-
1. Data: 2007-01-31 22:08:18
Temat: Likwidacja szkody - czyli jak najbardziej oszukać klienta.
Od: "Janek Z." <j...@a...pl>
Niedawno miałem kolizję drogową, w wyniku której mój pojazd został
uszkodzony. Winny był drugi uczestnik zdarzenia, co z resztą potwierdziła
Policja na miejscu zdarzenia. Wystąpiłem do ubezpieczyciela z wnioskiem o
likwidację szkody z OC sprawcy. W moim pojeździe uszkodzony został zderzak
(nielakierowany), lewy przedni błotnik i lewa przednia lampa. Rzeczoznawca
sporządzający wycenę stwierdził, iż zderzak i lampa są do wymiany a błotnik
do naprawienia i lakierowania. Ubezpieczyciel wyliczył kwotę odszkodowania
szacując użycie części zamiennych i stosując "urealnienie" czyli obniżając
ceny o 50% (pojazd powyżej 3 lat). Przy wyliczaniu wartości zderzaka
dodatkowo o 50% zmniejszono wartość, gdyż z prawej strony zderzaka wcześniej
było obtarcie. Wycena wyszła na niecałe 700zł.
Moje pytania:
1.. Czy ubezpieczyciel może uwzględniać przy wycenie użycie zamienników
podczas gdy uszkodzone zostały mi części oryginalne?

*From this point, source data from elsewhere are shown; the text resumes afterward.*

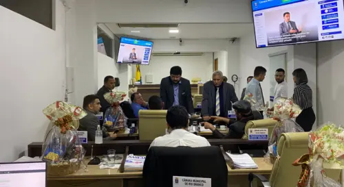 A sessão teve início por volta das 9h da manhã. O prefeito Tião Bocalom esteve presencialmente na Câmara para apresentar aos vereadores os programas habitacionais da capital acreana, que preveem a construção de quase duas mil unidades habitacionais.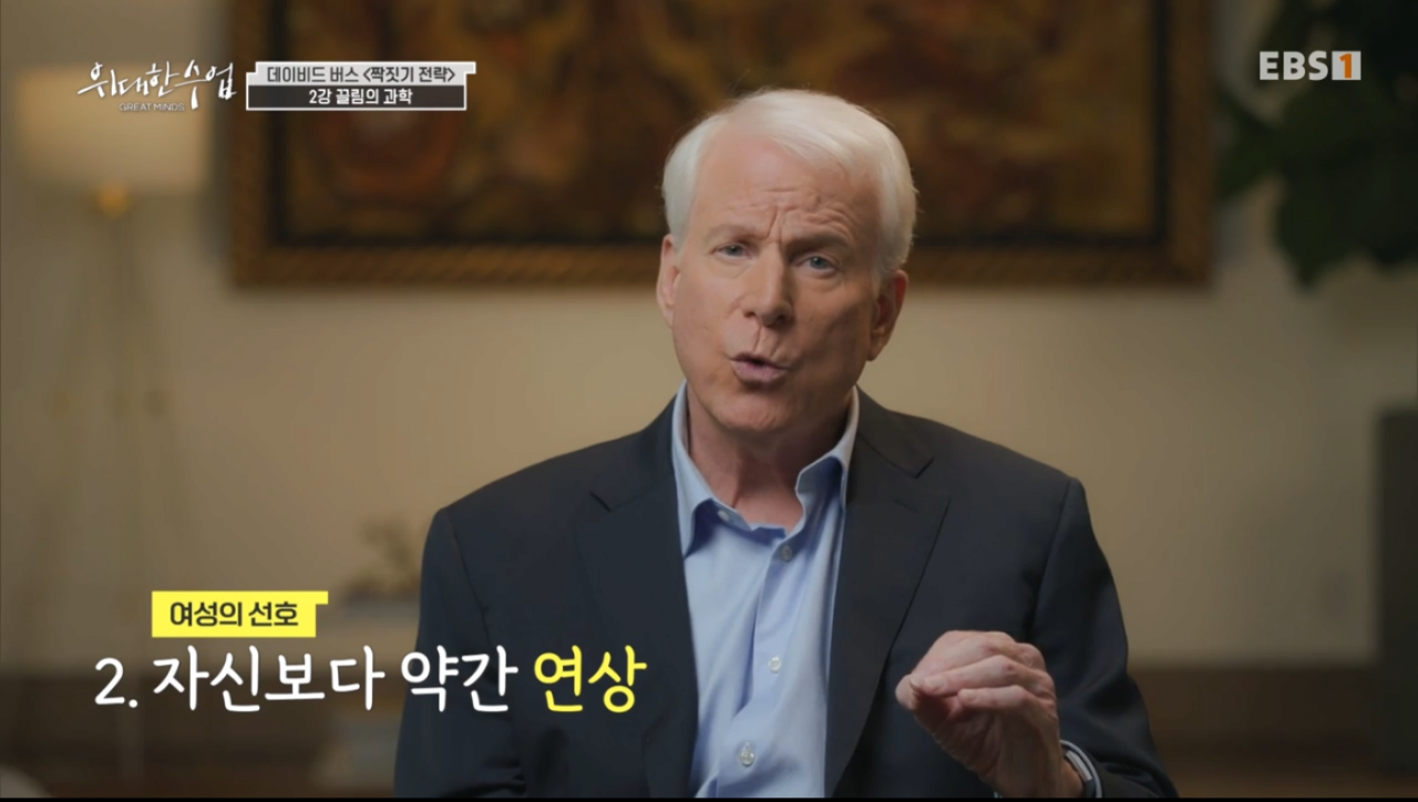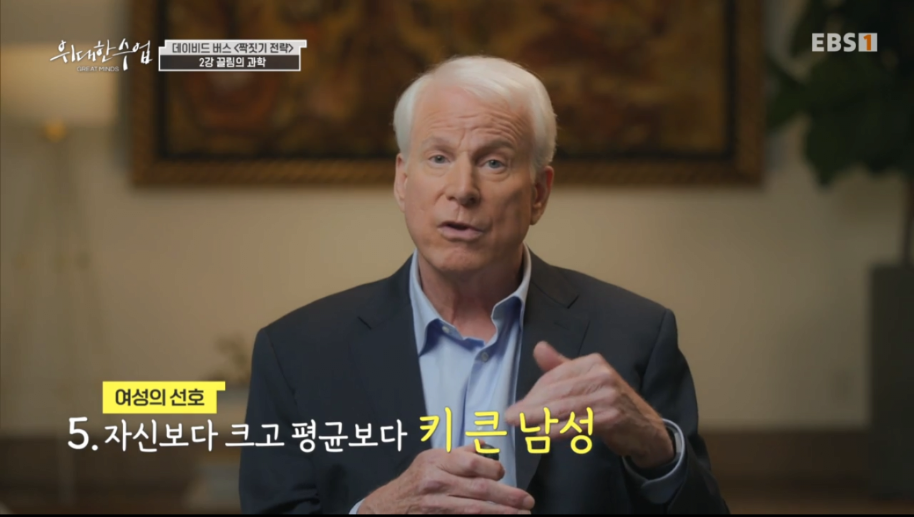 출처: EBS <위대한 수업>, <데이비드 버스, 짝짓기 전략> - 2강, 끌림의 과학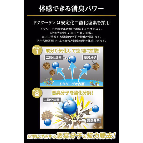 ドクターデオはゲル表面で除菌・消臭するだけでなく、成分が気化して車内空間に拡散。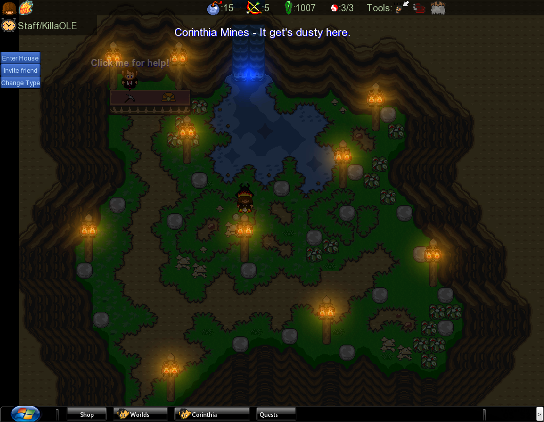 • The mining system has been redone too. The original mining system used to show this ugly text that took up a large area of your screen. Now, the NPC's chat text shows how close you are to finishing mining the rock. After you collect your rock, you can sell them to an NPC at the back of the mines for Gralats. Wearing a miners hat will half the time it takes to mine a rock too!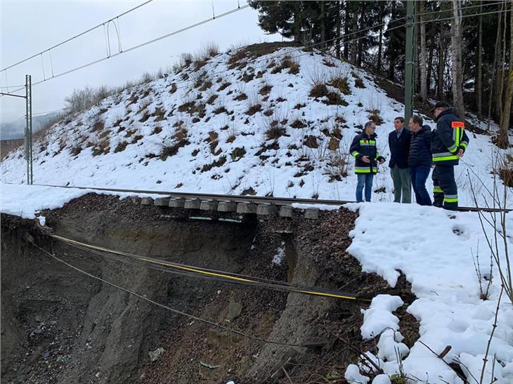 Gli assessori Alfreider e Bessone insieme al sindaco Reden hanno visitato il luogo dove ieri (19 novembre) si è verificata la frana della massicciata sulla quale corrono i binari. Riapre la statale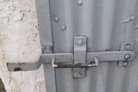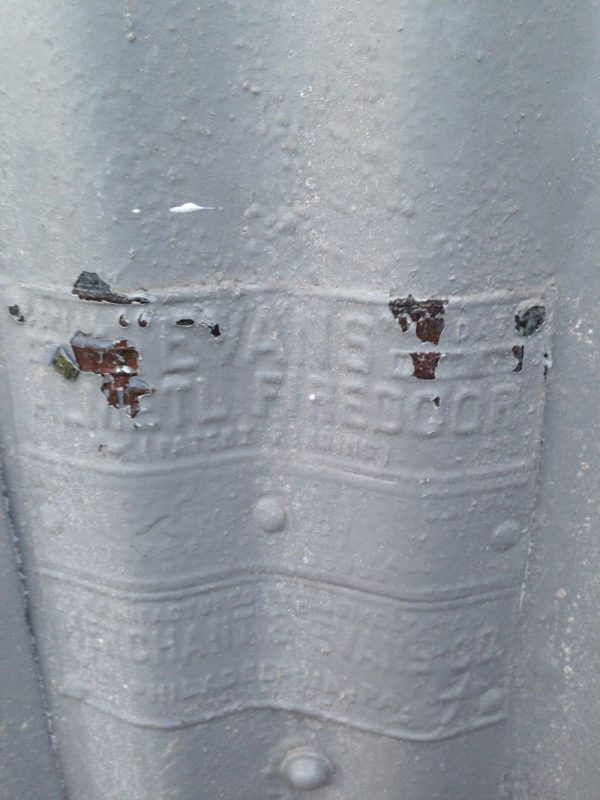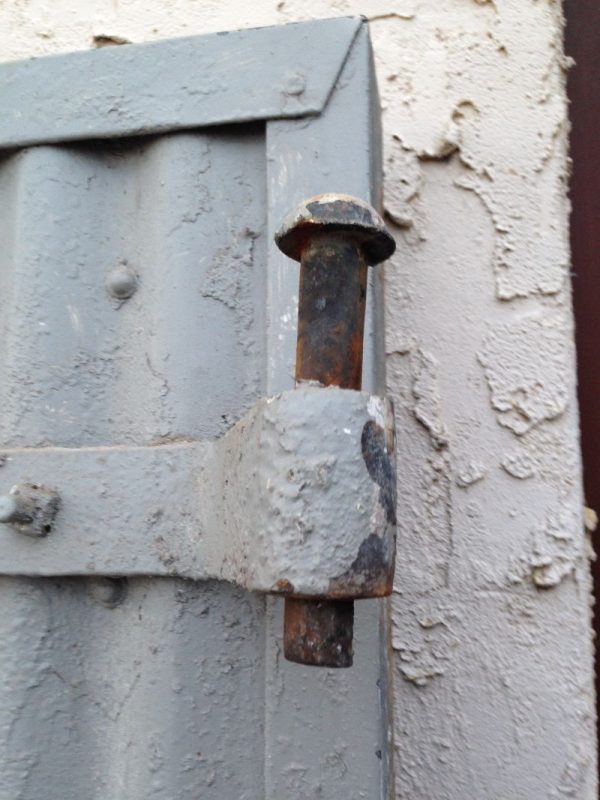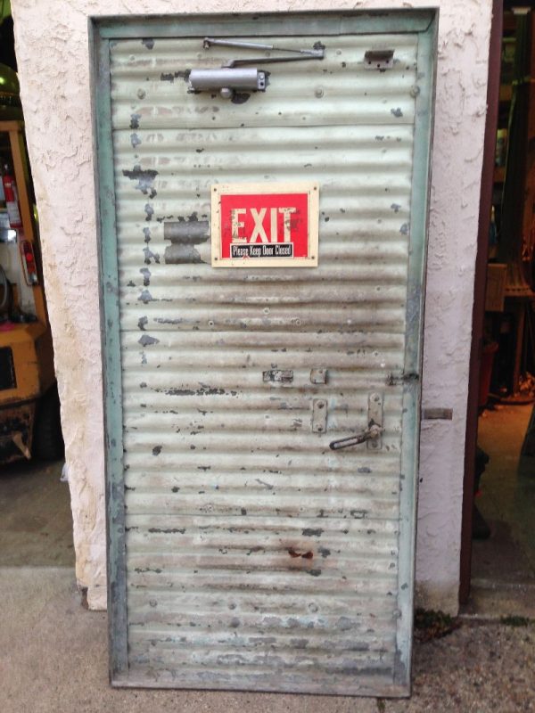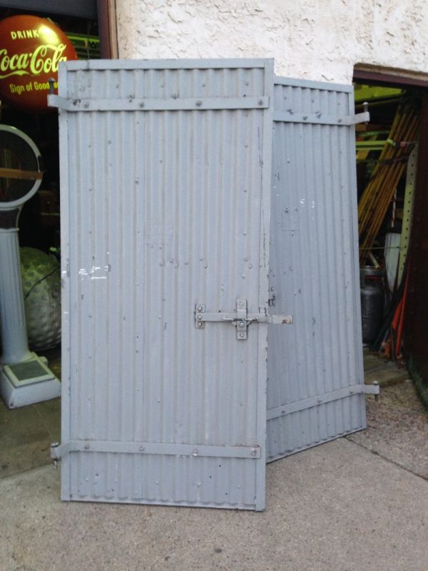 Salvaged, vintage industrial Evans fire doors from an old Philadelphia building now going “Condo”. Doors measure about 6′ x 4′ with heavy steel construction. Two available. Think of the possibilities………….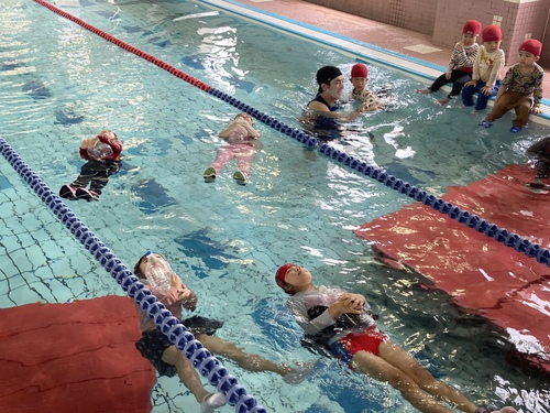 チャイルドスクールでは、毎年着衣水泳を行なっています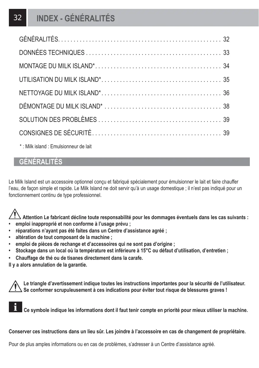 Le Milk Island est un accessoire optionnel concu et fabriqué spécialément pour émulsionner le lait et faire chauffer l'eau, de façon simple et rapide. Le Milk Island ne doit servir qu'à un usage domestique ; il n'est pas indiqué pour un fonctionnement continu de type professionnel.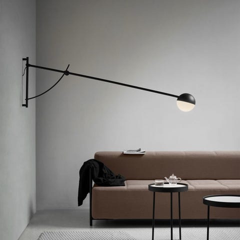 Lampens sfæriske skjerm er montert på en metallarm som er festet til en buet arm. Alle leddene er dreibare, slik at lyset kan justeres dit du trenger belysning. Skjermen kan også roteres slik at du har muligheten for et direkte eller indirekte lys. Plasser den ved sofagruppen eller bruk den som sengelampe, der den både kan brukes som koselig belysning eller som et praktisk leselys.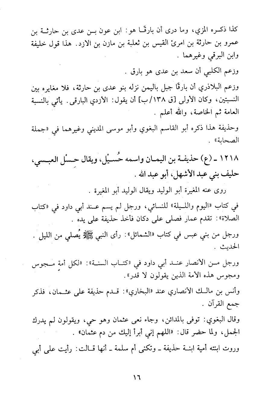 وحذيفة هذا ذكره أبو القاسم البغوي وأبو موسى المديني وغيرهما في «جملة الصحابة».

2.. Czy uwzględnianie "urealnienia" wartości części w pojeździe powyżej 3
lat, polegającego na zmniejszaniu ich wartości o 50% jest zgodne z prawem?
3.. Czy zmniejszanie wyliczenia kwoty za zderzak o 50% jest właściwe w
przypadku istnienia uszkodzenia po drugiej jego stronie (po prawej)?
4.. W jaki sposób można wymóc na ubezpieczycielu pokrycie całkowitych
kosztów naprawy bezgotówkowej w Autoryzowanej Stacji Obsługi?
5.. Jakie są możliwości odwołania od wyceny, jak i gdzie należy to zrobić?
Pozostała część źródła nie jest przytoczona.